Extract only the lines from the start of the entries below to the line with "52. 1860. 4", inclusive; omit every picture.
* * * * * * *
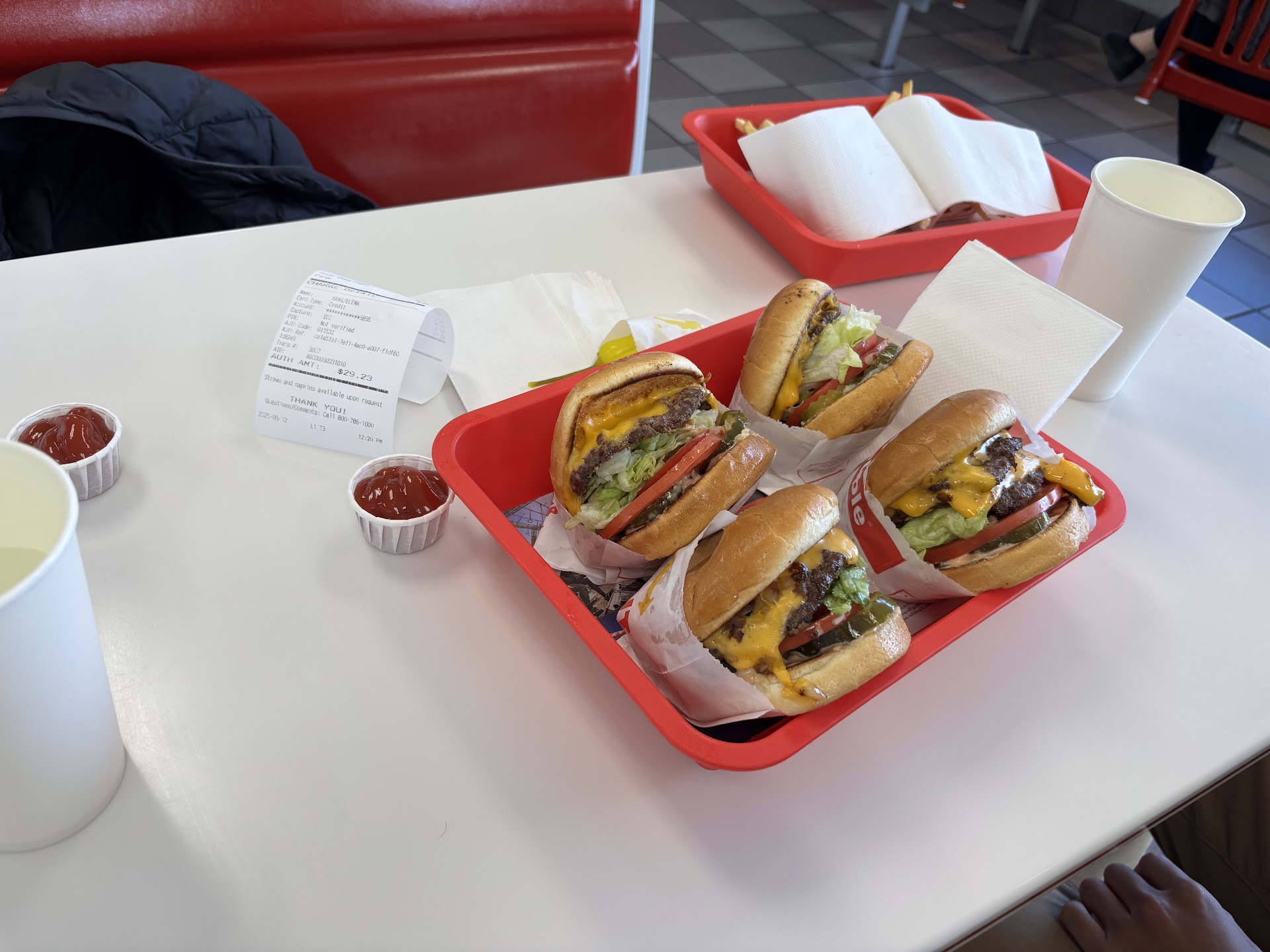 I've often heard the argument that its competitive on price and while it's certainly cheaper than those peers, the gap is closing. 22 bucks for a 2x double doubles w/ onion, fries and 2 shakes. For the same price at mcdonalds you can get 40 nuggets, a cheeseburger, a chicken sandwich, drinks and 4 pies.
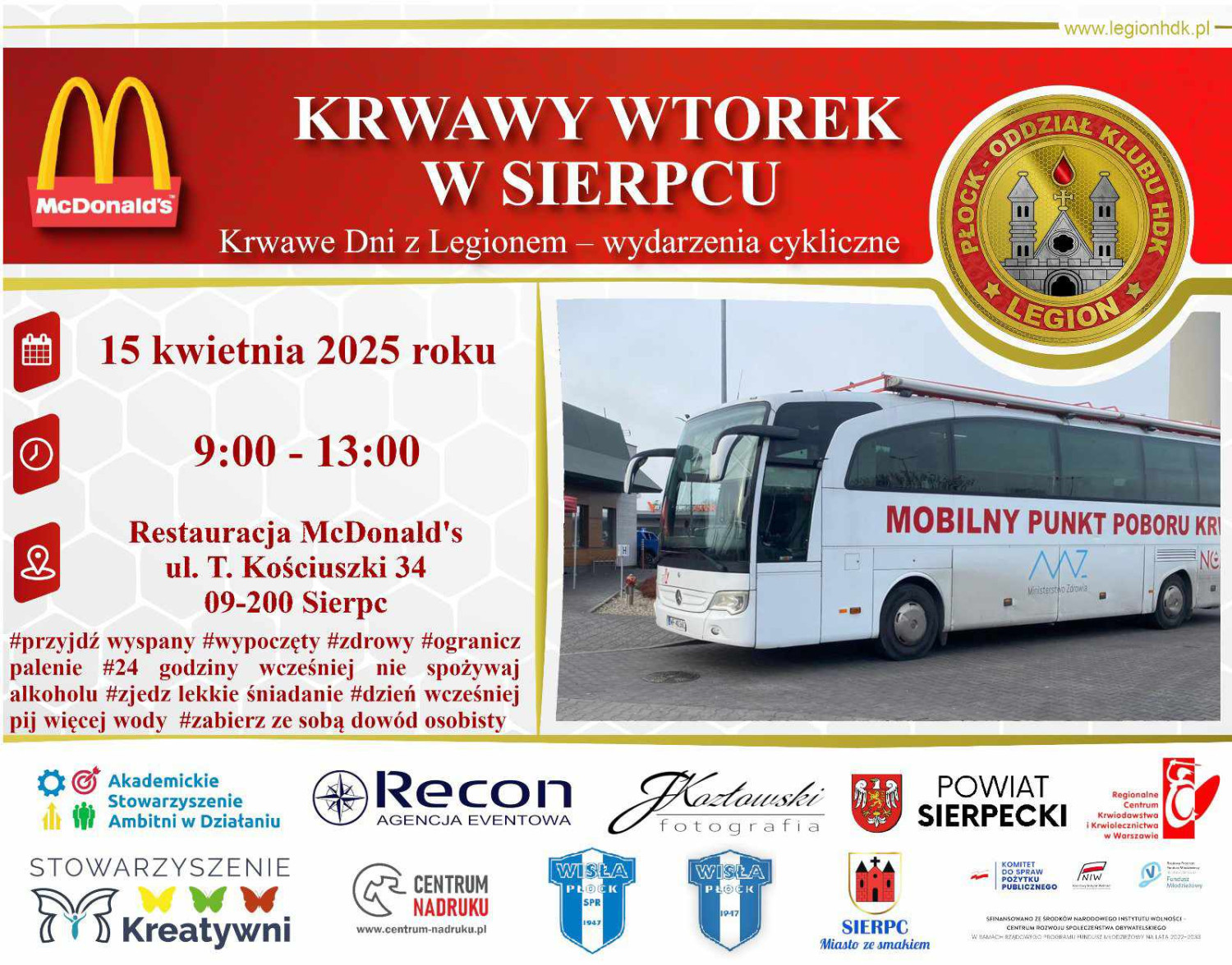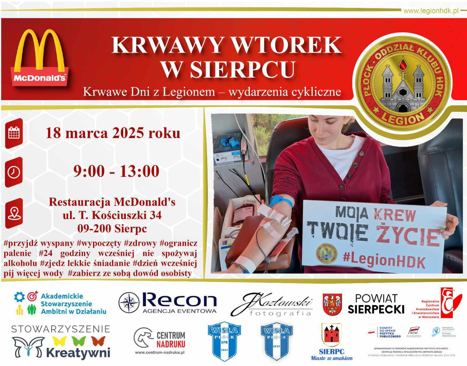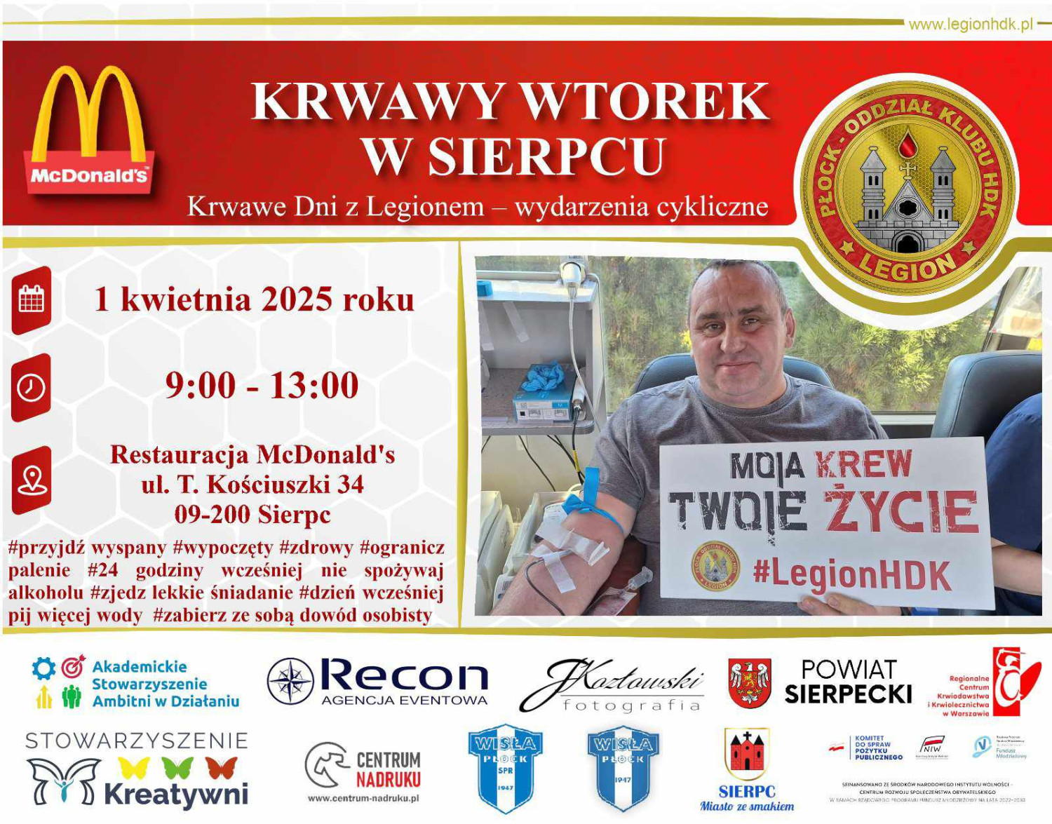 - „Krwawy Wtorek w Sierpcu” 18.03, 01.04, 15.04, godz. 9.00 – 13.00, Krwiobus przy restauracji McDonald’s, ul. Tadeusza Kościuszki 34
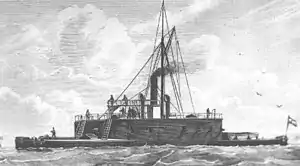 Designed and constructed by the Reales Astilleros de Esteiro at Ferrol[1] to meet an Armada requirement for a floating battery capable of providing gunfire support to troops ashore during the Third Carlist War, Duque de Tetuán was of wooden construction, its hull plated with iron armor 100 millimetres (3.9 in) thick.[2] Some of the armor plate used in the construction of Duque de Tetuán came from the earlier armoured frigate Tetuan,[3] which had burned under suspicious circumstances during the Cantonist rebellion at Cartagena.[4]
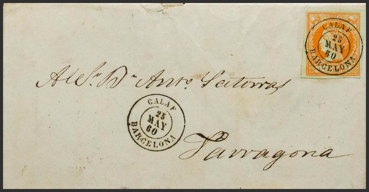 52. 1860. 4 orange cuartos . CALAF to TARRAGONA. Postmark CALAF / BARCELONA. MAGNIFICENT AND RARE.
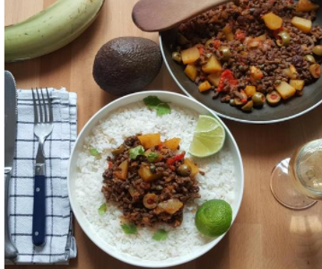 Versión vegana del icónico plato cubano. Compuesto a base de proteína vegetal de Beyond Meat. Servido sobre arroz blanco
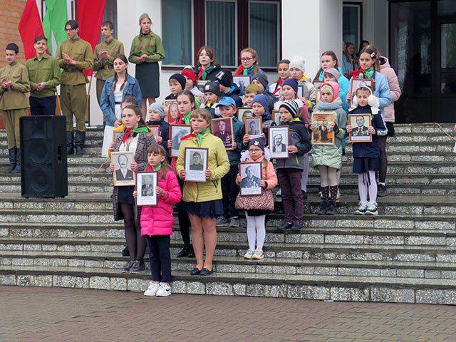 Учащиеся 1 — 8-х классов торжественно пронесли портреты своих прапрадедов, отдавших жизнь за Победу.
* * * * * * *
§ Written answer:
 I've often heard the argument that its competitive on price and while it's certainly cheaper than those peers, the gap is closing. 22 bucks for a 2x double doubles w/ onion, fries and 2 shakes. For the same price at mcdonalds you can get 40 nuggets, a cheeseburger, a chicken sandwich, drinks and 4 pies.
 - „Krwawy Wtorek w Sierpcu” 18.03, 01.04, 15.04, godz. 9.00 – 13.00, Krwiobus przy restauracji McDonald’s, ul. Tadeusza Kościuszki 34
 Designed and constructed by the Reales Astilleros de Esteiro at Ferrol[1] to meet an Armada requirement for a floating battery capable of providing gunfire support to troops ashore during the Third Carlist War, Duque de Tetuán was of wooden construction, its hull plated with iron armor 100 millimetres (3.9 in) thick.[2] Some of the armor plate used in the construction of Duque de Tetuán came from the earlier armoured frigate Tetuan,[3] which had burned under suspicious circumstances during the Cantonist rebellion at Cartagena.[4]
 52. 1860. 4 orange cuartos . CALAF to TARRAGONA. Postmark CALAF / BARCELONA. MAGNIFICENT AND RARE.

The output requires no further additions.